A nasty injury history is what’s kept Hundley down all this time. At least that’s what I keep telling myself. I’m definitely not saying he’s the be-all, end-all of catchers, but if he could only stay healthy, his numbers would be comparable with many of the third tier catchers and thus be a legitimate long-term option even in single-catcher leagues.
I first noticed Hundley in 2007 when he smacked 20 home runs for Double-A San Antonio in the Texas League and improved his strikeout rate while continuing to maintain a 10-percent walk rate. In addition to the home runs, he hit 23 doubles and posted an improved .228 ISO for the year.
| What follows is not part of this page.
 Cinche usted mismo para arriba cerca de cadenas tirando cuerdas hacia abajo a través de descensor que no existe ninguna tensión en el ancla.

He was never deemed a strong contact hitter and struggled to post a decent batting average, but the patience at the plate would help keep the on-base percentage respectable and the power was legitimate.
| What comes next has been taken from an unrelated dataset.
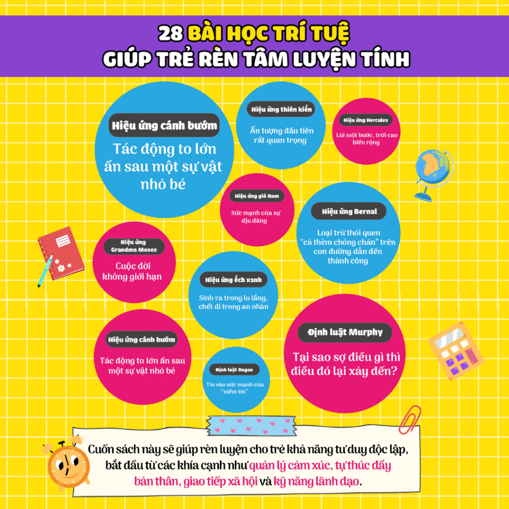 Về cấu trúc, cuốn sách được sắp xếp thành các chủ đề bao gồm: “Giải thích thuật ngữ” để phân tích về khái niệm được đưa ra “Nội dung hiệu ứng” nhằm giới thiệu lí do ra đời của lí luận “Học đi đôi với hành” với ví dụ gần gũi trong cuộc sống “Điểm sáng trí tuệ” với những câu nói ngắn gọn chỉ ra cốt lõi của lí luận “Hướng dẫn hành động” để ta có thể áp dụng vào thực tiễn dễ dàng hơn “Câu chuyện thực tế”, “Bài học cuộc sống” để tư duy được phát huy và “Truyện tranh thú vị” để hiểu được các nguyên lí một cách hứng thú hơn. Tám phần này thể hiện một cách rõ ràng, giúp cho những bạn đọc nhỏ tuổi hiểu một cách triệt để các khái niệm và lợi ích thiết thực khi áp dụng các nguyên lí vào cuộc sống thực tế.

He struggled in his adjustment to the major leagues in 2008, but started out reasonably well the following season, his first full year. But from that start in 2009 to present day, every year has been marred by injury. He’s shown tremendous flashes of his talents at times, most notably, his final months in each of 2009 and 2010 for power potential and the final two months in 2011 (highlighted in this look at him I did back in December of 2011) where he not only showed strong power, but improved contact rates which helped increase his BABIP and push his batting average north of .300 for the first time in his pro career. But the constant flow of injuries has forced him to miss far too much time for those short stretches to make that much of an impact.
His ability to build off that end of 2011 and carry it over to 2012 was derailed by severe knee problems that he attempted to play through and while this year’s woes can’t be blamed on injury, we can look to the fact that, despite a strong first month, the trade talk increased as Grandal’s suspension was nearing its end and Hundley knew that no matter what he did, he was headed for bench duty should he stay in San Diego. He pressed to perform and the result was a huge drop in both power and average.
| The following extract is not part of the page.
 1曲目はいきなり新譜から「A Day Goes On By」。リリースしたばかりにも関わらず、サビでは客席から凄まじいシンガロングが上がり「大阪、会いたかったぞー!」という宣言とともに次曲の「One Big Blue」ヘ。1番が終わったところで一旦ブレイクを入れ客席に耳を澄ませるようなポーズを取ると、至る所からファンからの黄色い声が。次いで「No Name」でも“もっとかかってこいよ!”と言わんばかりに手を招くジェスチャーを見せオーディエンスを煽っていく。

But since Grandal’s season-ending knee injury, Hundley has upped his game once again. Since the first of July, Hundley has decreased the strikeout rate, returned to a double-digit walk rate (hello, .389 OBP), and while he hasn’t shown much power, we still know that it’s there and ready to emerge. Small sample size? For sure. But you’ve got to start somewhere and the second half has traditionally been his strongest time. Could we be looking at a second half worthy of a waiver pick-up? With these improvements we’ve seen in July — should they carry over — we could be looking at a repeat of his late-season 2011 production.
As much as I have some sort of blind faith in Hundley and will likely take a shot on him in a couple of my two-catcher leagues, I’m not quite ready to fully endorse him just yet. Sure, if you’re deciding between him and say Chris Iannetta or Rob Brantly then I would say take the chance, but I’m not dropping anyone from the top four tiers to try him out. But keep a close eye on him as guys like Hundley always seem to fall through the cracks no matter how well they may be doing at the time. No one noticed him for a while during that two month stretch in 2011 and those who did, reaped huge benefits. Should he take off to open the second half of the season, he could be worth a pick-up and should injuries not derail his time, you could be looking at two and a half months’ worth of solid production from behind the plate.